### WHAT YOU SHOULD DO
Quote, word for word, only the lines running from the line with "A currency trader" through the end of the listing. Leave out the pictures.

### DATA SHOWN
╭──

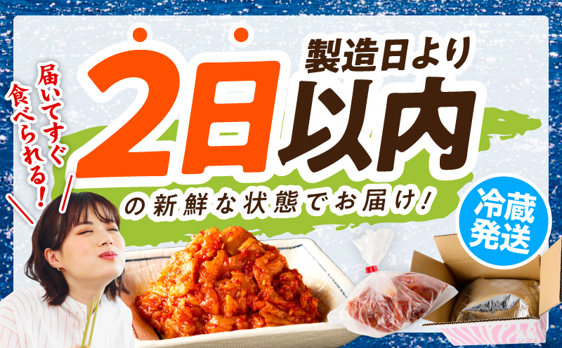 昔ながらの製造方法で高級唐辛子と上質魚醤油・北海道産桜エビをベースに、韓国産ニンニク・高知県産ショウガを100%使用した手作り特性キムチです。
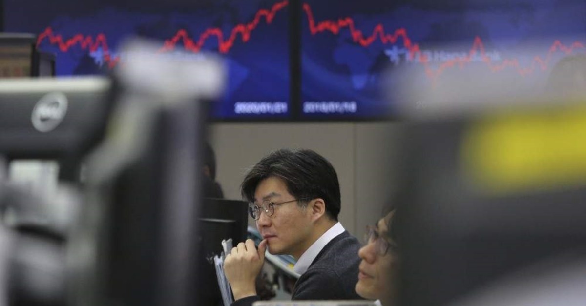 A currency trader watches monitors at the foreign exchange dealing room of the KEB Hana Bank headquarters in Seoul, South Korea, Jan. 22, 2020. (AP Photo)
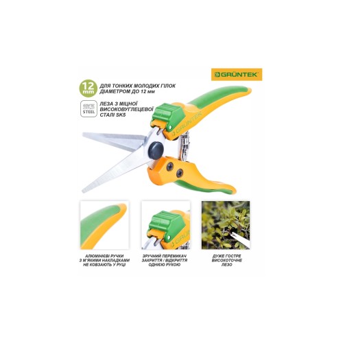 Секатор Gruntek Colibri Long обвідний, d 12мм,198мм (295170200)
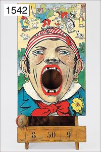 Wurfspiel, Holz mit bunt lithogr. Papier beklebt, ca. 1910, 41 cm hoch, 19,5 cm breit, guter Zust.
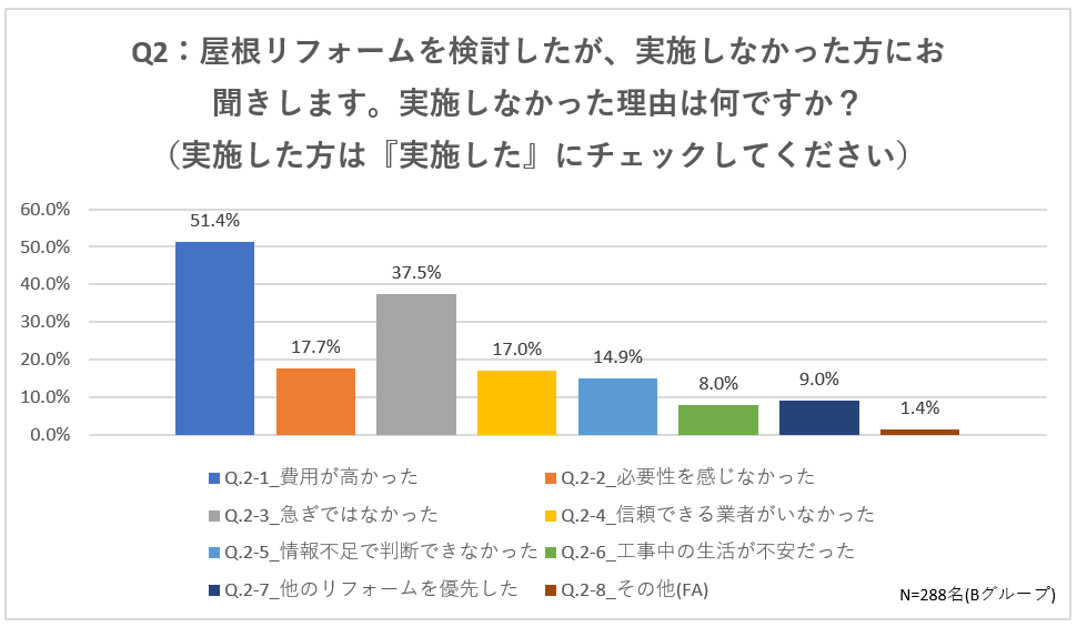屋根リフォームを検討したが、実施しなかった主な理由として、最も多かったのは「費用が高かった(Q.2-1)」と回答した人は51.4%おり、全体の過半数がコストを最大の障壁と感じています。
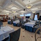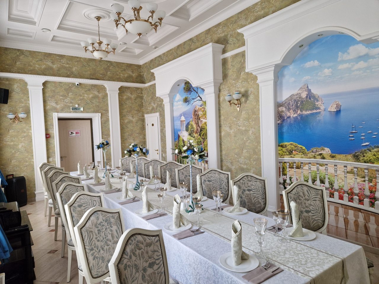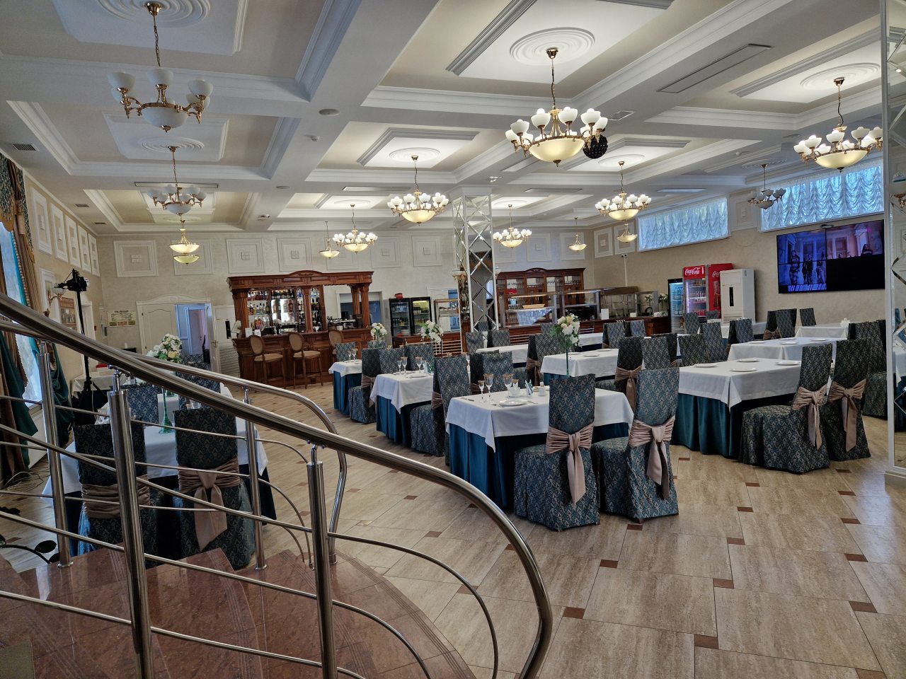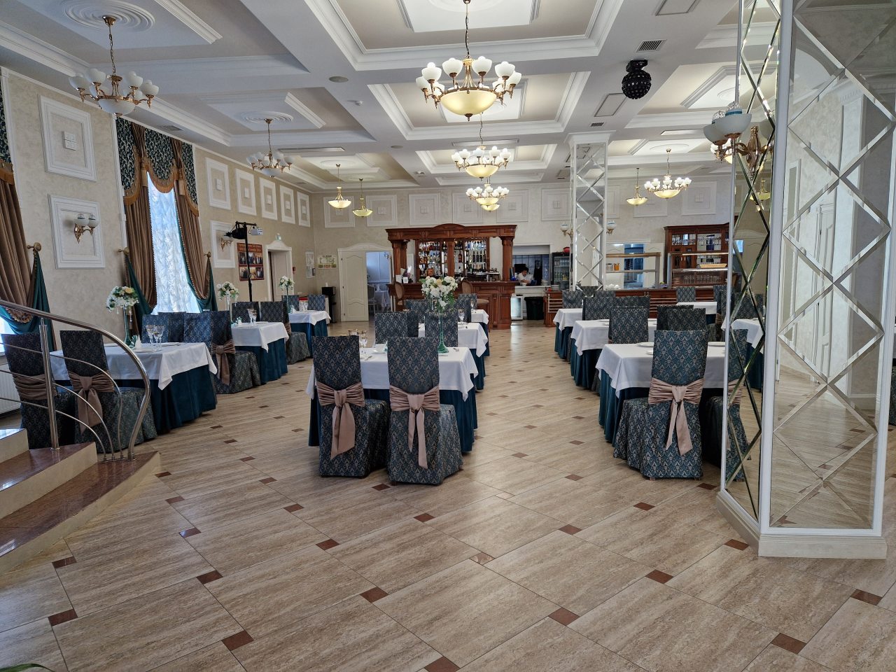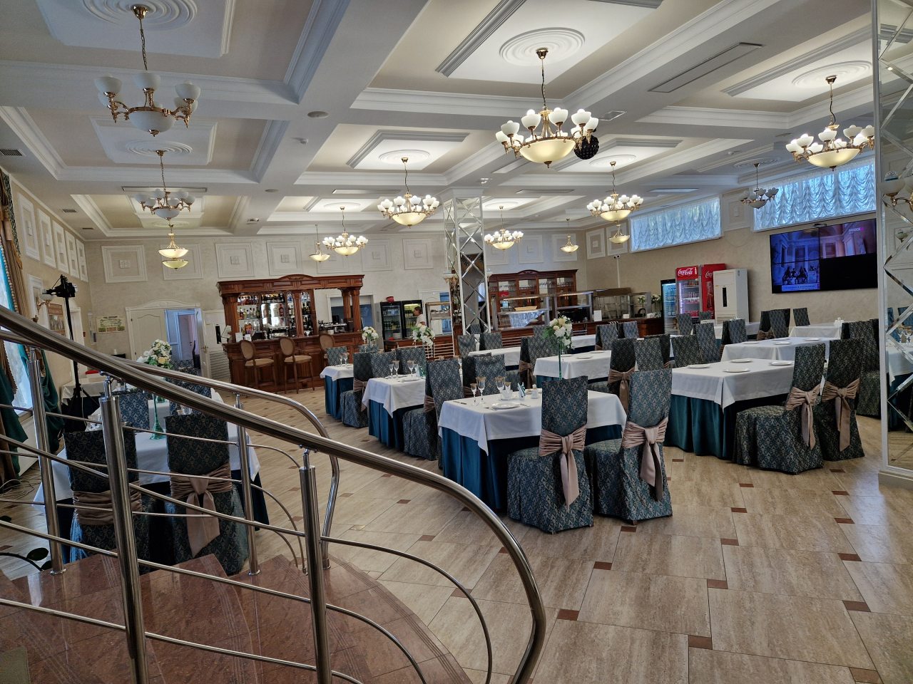 При отеле работает ресторан, где можно не только вкусно и сытно поесть, но и провести торжественное мероприятие.

╰──

### ANSWER AREA
 A currency trader watches monitors at the foreign exchange dealing room of the KEB Hana Bank headquarters in Seoul, South Korea, Jan. 22, 2020. (AP Photo)
 Секатор Gruntek Colibri Long обвідний, d 12мм,198мм (295170200)
 Wurfspiel, Holz mit bunt lithogr. Papier beklebt, ca. 1910, 41 cm hoch, 19,5 cm breit, guter Zust.
屋根リフォームを検討したが、実施しなかった主な理由として、最も多かったのは「費用が高かった(Q.2-1)」と回答した人は51.4%おり、全体の過半数がコストを最大の障壁と感じています。
 При отеле работает ресторан, где можно не только вкусно и сытно поесть, но и провести торжественное мероприятие.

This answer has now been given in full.